A heavy sigh accompanied a defiant response, “No, it’s not true. I can run without an iPod … but I don’t want to!

“Is that  true?” she asked again. “You don’t want to run? You’re all dressed and ready to go. You love morning runs. Is it true you don’t want to run?”

“No . . . but still . . . ,” she whined, losing bravado. And then she left the house, and as I gained my stride, the resistant, negative, stubborn part of me began to dissolve, and I allowed myself to compassionately observe what had just happened.

Something didn’t go my way, and I resisted. I made it wrong. I fought reality with everything I could muster. I was looking for everything that was wrong about the situation … the money, the time, the inconvenience, the lost activity records … not to mention that I have no clue where I left off in the audio book I was listening to.

Before I had the tools to process this sort of thing, I would have been caught in a negative spiral for hours, maybe days. But with the simple question, “What’s right about this?” I was able to use my entire run this morning to find the good.

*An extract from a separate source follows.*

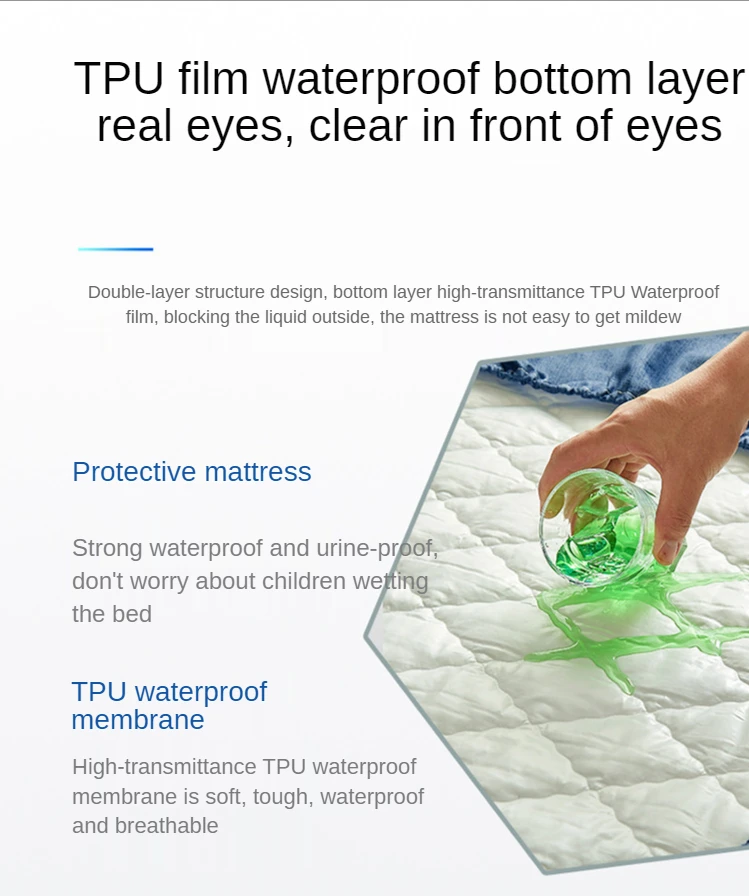 Material: Polyester Process: Waterproof Mattress: width 5-30cm Function:Only the front is waterproof, but the side is not.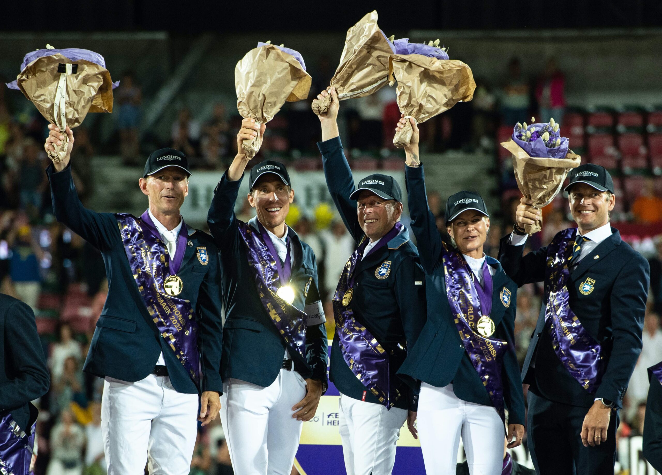 Il momento d’oro del Team svedese è nuovamente arrivato: un anno fa Henrik von Eckermann, Malin Baryard-Johnsson e Peder Fredricson erano saliti sul gradino più alto del podio olimpico di Tokyo e ieri sera, con l’aiuto del fratello di Peder (Jens), sono stati nuovamente i campioni agli Agria FEI Jumping World Championships in Herning, Danimarca.

And the best thing I found was a memory of my 12-year-old self on vacation with my family. There was no room for me in the cab, so I rode alone in the camper on the back of the pick-up. From Nebraska through Wyoming, New Mexico, Arizona, Nevada, Utah, Colorado, and home again. For a month, I rode alone with no iPod, no video games, no laptop, no cell phone. Just me, a few books, and my endless imagination. I lost myself in the scenery and entertained myself with stories of what my life would be like when I was grown up and on my own. I imagined going to work, buying a car, marrying my sweetheart, moving into a house, and giving birth to a baby. I day-dreamed a happy life for myself, full of freedom and beauty and travel.

One very good thing about not having an iPod (especially when you’re 12) is it gives you lots of time to work on manifesting a life worth living.